Another way to view this type of mechanism is shown in Figure 4. If one polarizer has a vertical orientation and the other a horizontal orientation, then light going between the two will never get through the second polarizer. But if you use a plate (labeled QWP, quarter-wave plate in the figure) to rotate the second polarizer a slight amount around the horizontal axis, a small amount of light will go through the second polarizer. You can see that the phase remains 0 until the quarter-wave plate angle is changed. Suddenly, there's a discontinuity, and the phase jumps to pi.

Figure 4

(Figure 4)

 Instead of using the quarter-wave plate, Jordan and Howell use the Cesium vapor cell to create a very weak field and induce a small cross-phase modulation, which then looks like a small rotation. After publishing the Physical Review Letters paper, Jordan and Howell turned their attention back to weak value measurements and amplification.

For this work ("Ultrasensitive Beam Deflection Measurement via Interferometric Weak Value Amplification," Physical Review Letters 102, 173601, 2009), they joined forces with graduate students P. Ben Dixon and David J. Starling. The paper's findings are so significant that PRL published it as a highlighted Editors Suggestion and also printed a Viewpoint article (Sandu Popescu,"Weak measurements just got stronger," April 27, 2009) about it.

Using an experimental setup as shown in Figure 5, the group was able to measure 560-femtoradian shifts of an optical beam, as well as measure the linear travel of a piezo actuator down to 20 femtoradians.

Figure 5

(Figure 5)

Here, a laser beam is collimated using a 10x microscope objective. The beam then passes through half and quarter-wave plates and a polarizing beam splitter, resulting in a pure horizontal polarization. Moving clockwise, the beam enters a Sagnac interferometer input port (marked SBC for Soleil Babinet compensator), which adds a tunable phase to the beam. The SBC is set to add this phase to vertically polarized beams relative to those polarized horizontally.

Moving counterclockwise, the beam first passes through the SBC, which now has no relative effect, then through the half-wave plate, changing the polarization to vertical. A piezo electric actuator scans the tilt of one of the interferometer mirrors back and forth, and the tilt of the mirror gives the two propagation directions opposite deflections.

Because the tilt of the mirror is so slight, it must be amplified before it can be measured.
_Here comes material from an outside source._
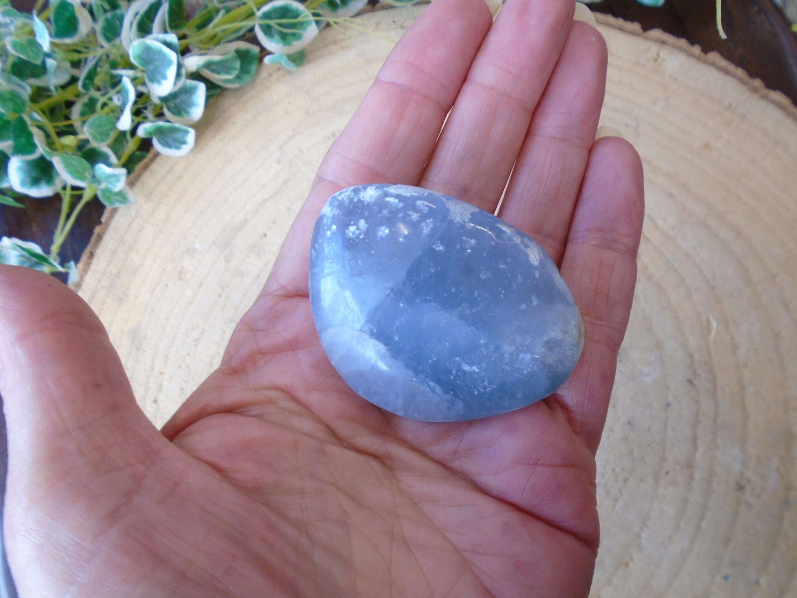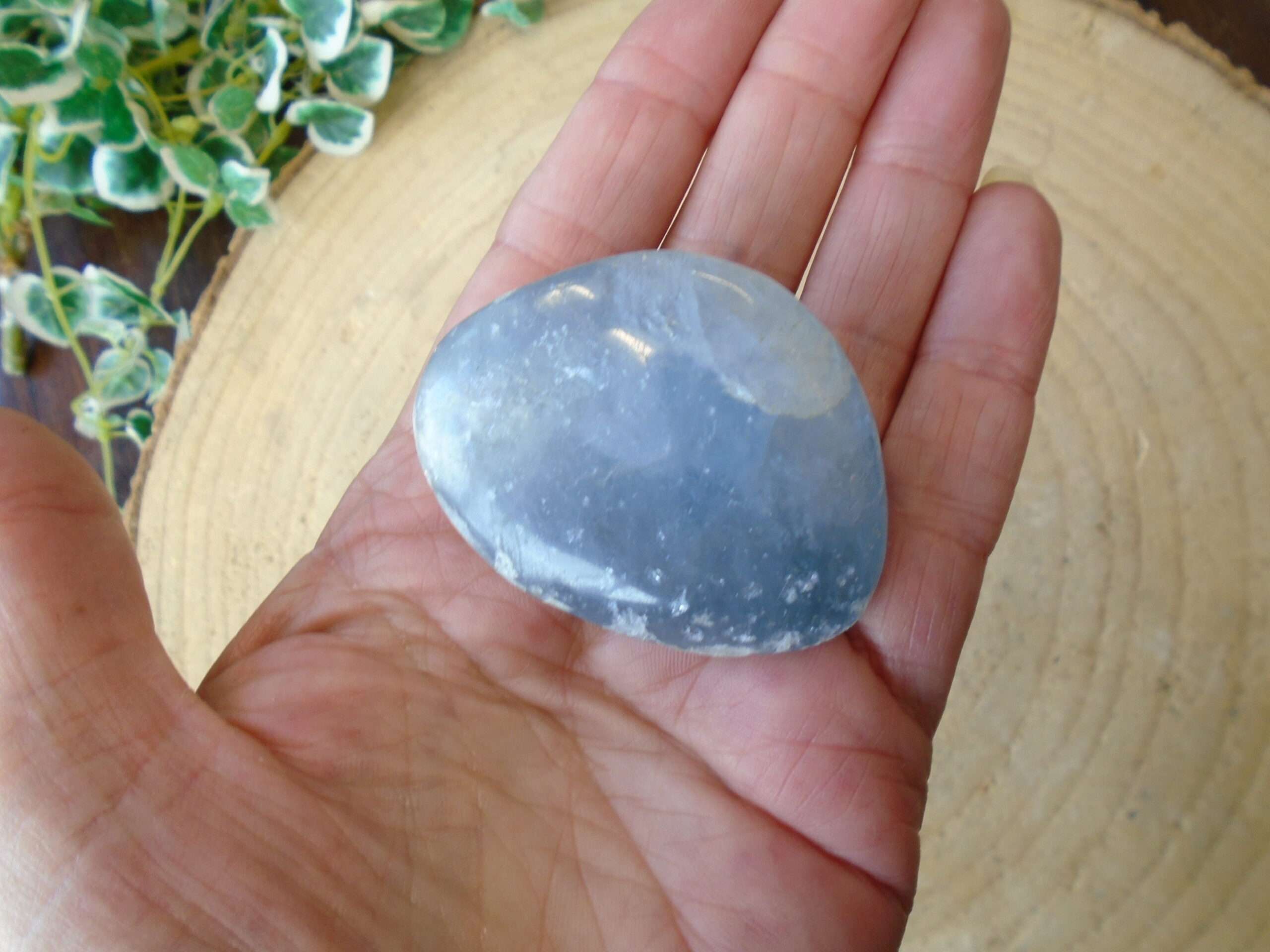 Unusual polished Celestite pebble. This measures approx 5cm x 4cm and weighs 96g
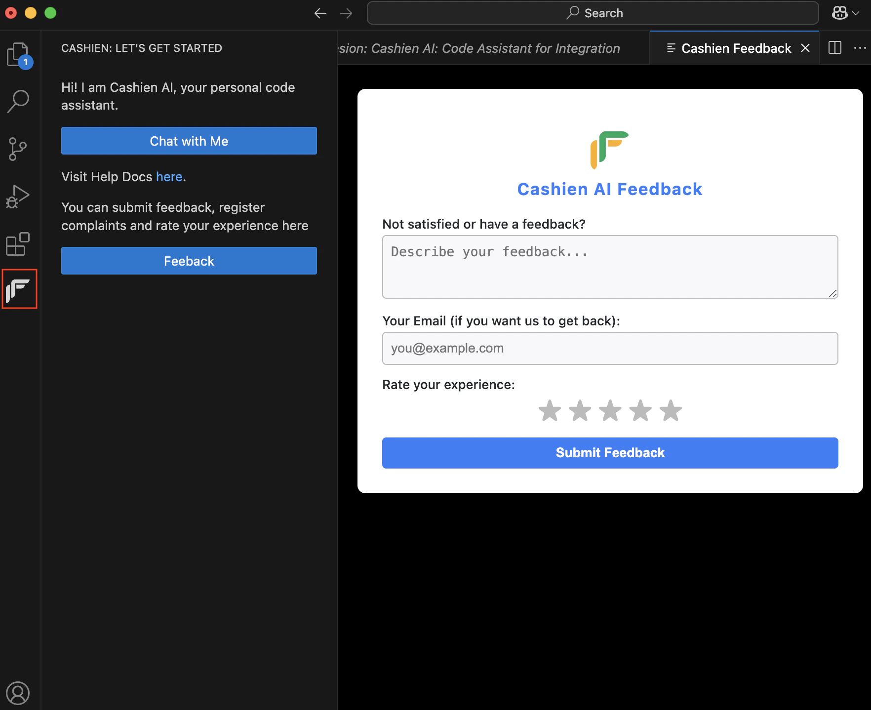 Send us your feedbackHelp us improve Cashien AI by sharing your feedback or reporting issues. To submit feedback, click the Cashfree icon in Visual Studio Code side panel.

The amplification occurs due to the strong interference between the clockwise and counterclockwise beams and enables Howell and Jordan to measure the deflections of the piezo device down to roughly one picometer, which is roughly the size of a uranium nucleus. The amplification caused by the interference is up to 100 times larger than, say, one picometer.

Post-selection is achieved by monitoring the light that exits from the dark port of the interferometer. The Sagnac interferometer makes light travel in both directions for the same amount of time. Hence, a perfect constructive interference goes out the direction in which the light entered; and a perfect destructive interference should go out the dark port. But tuning the SBC to add a small but nonzero relative phase allows a small amount of light out of the dark port. The SBC and half-wave plate alters the phase of one path slightly from the phase of the other, essentially letting some light through what would have been the perfect destructive interference. This light passes through a beamsplitter and sent to a CCD camera and a quadrant detector. At the end, the researchers know whether the beam is tilted slightly toward the left or the right: this is the weak value measurement.